##### Material for this exercise

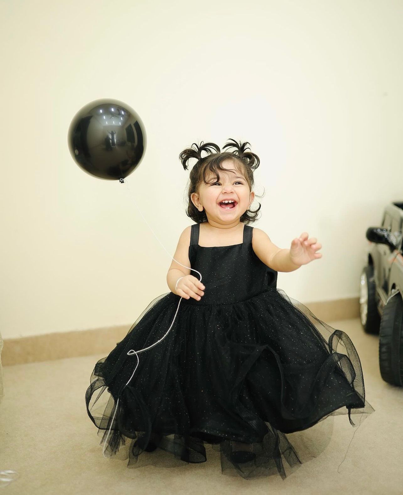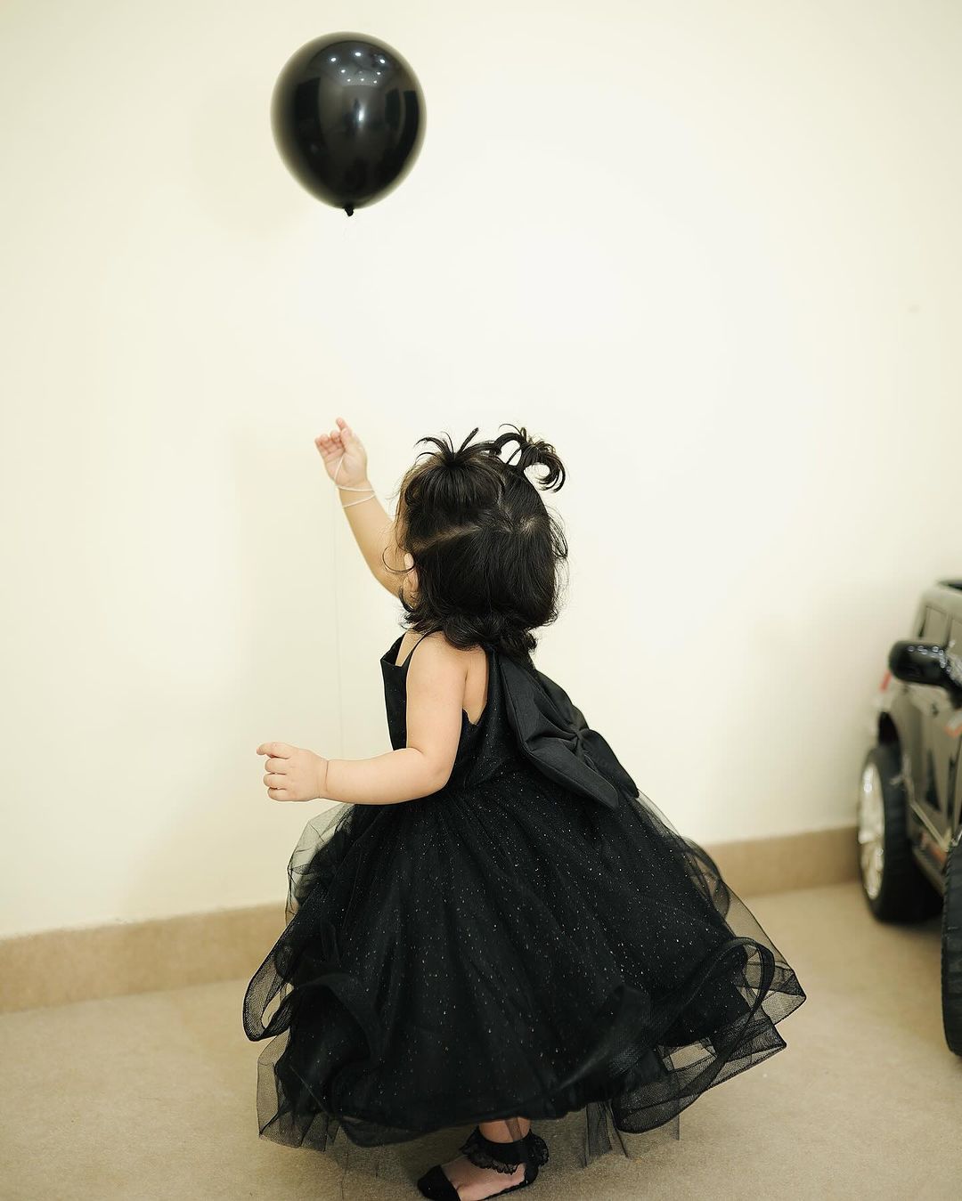 A child in a black dress with black hair, smiling and playing with a balloon near a black car.
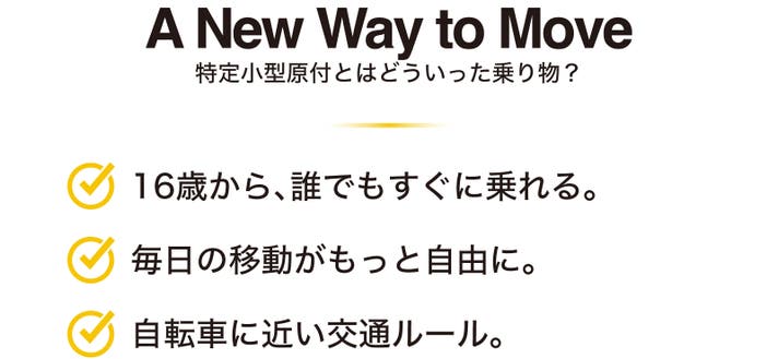 ・免許不要で、16歳以上からすぐに乗れる。
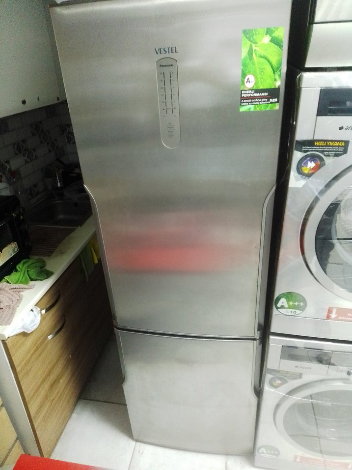 Vestel marka gri kombin buzdolabı, alt dondurucu bölmesi ve enerji tasarruflu yeşil etiketle çevre dostu performans sunar.
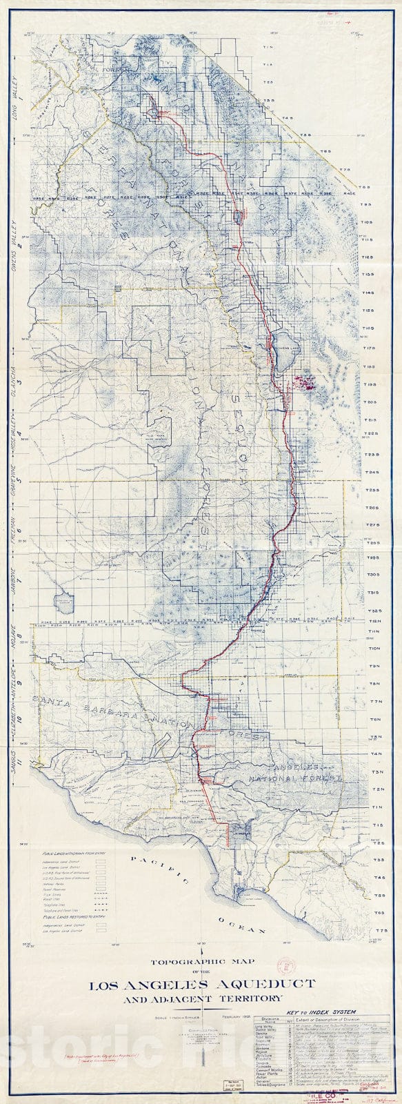 Historic 1908 Map - Topographic map of The Los Angeles Aqueduct and Adjacent Territory
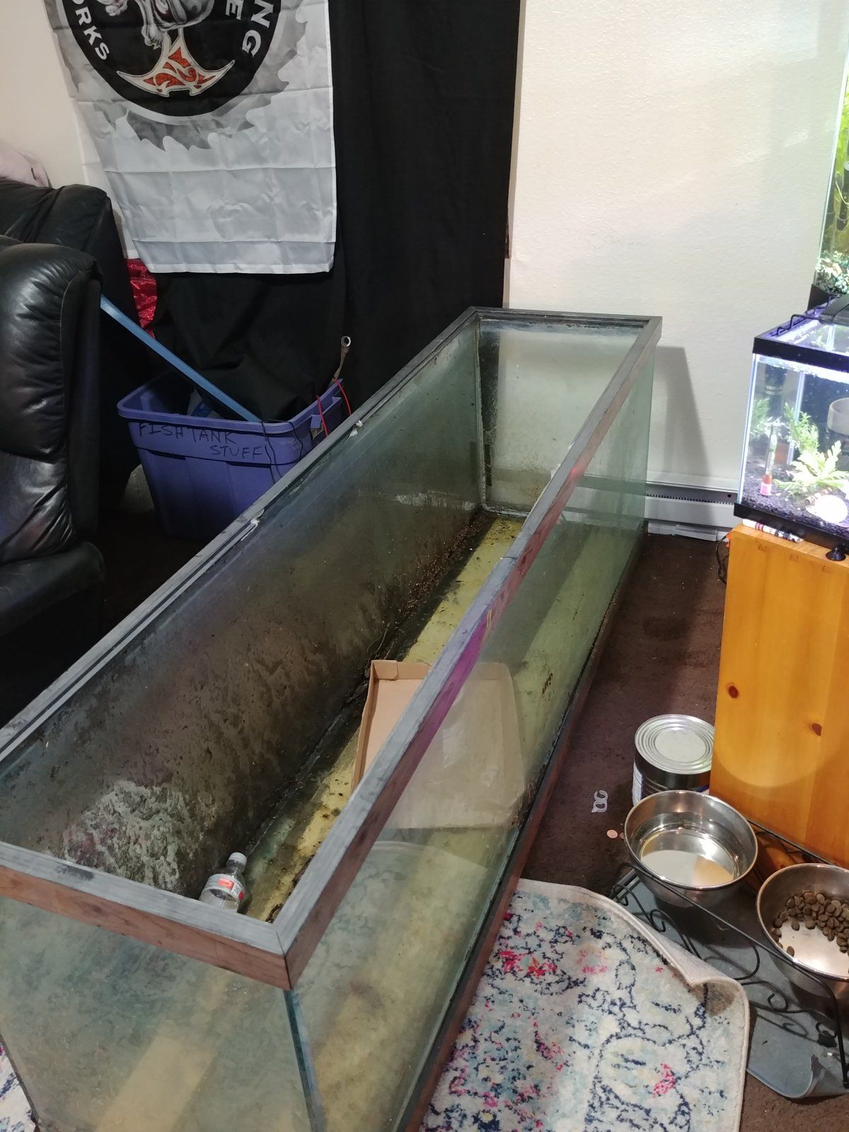 So I ended up with a giant tank. I am looking for my measuring tape, but I think it is more than six feet long. It is very dirty, and has been sitting out for awhile. I am having a custom stand built for it (only about 2 feet tall, I want perfect viewing height to be from my sofa). How do I even get a filter big enough for this? Several sponge filters and a couple giant hobs? I don't think I want a canister.

##########

Your assignment
Please retype, exactly and only, the lines from the one holding "Vestel marka gri" to the end of the entries, both ends included, without any pictures.

Written response
 Vestel marka gri kombin buzdolabı, alt dondurucu bölmesi ve enerji tasarruflu yeşil etiketle çevre dostu performans sunar.
 Historic 1908 Map - Topographic map of The Los Angeles Aqueduct and Adjacent Territory
 So I ended up with a giant tank. I am looking for my measuring tape, but I think it is more than six feet long. It is very dirty, and has been sitting out for awhile. I am having a custom stand built for it (only about 2 feet tall, I want perfect viewing height to be from my sofa). How do I even get a filter big enough for this? Several sponge filters and a couple giant hobs? I don't think I want a canister.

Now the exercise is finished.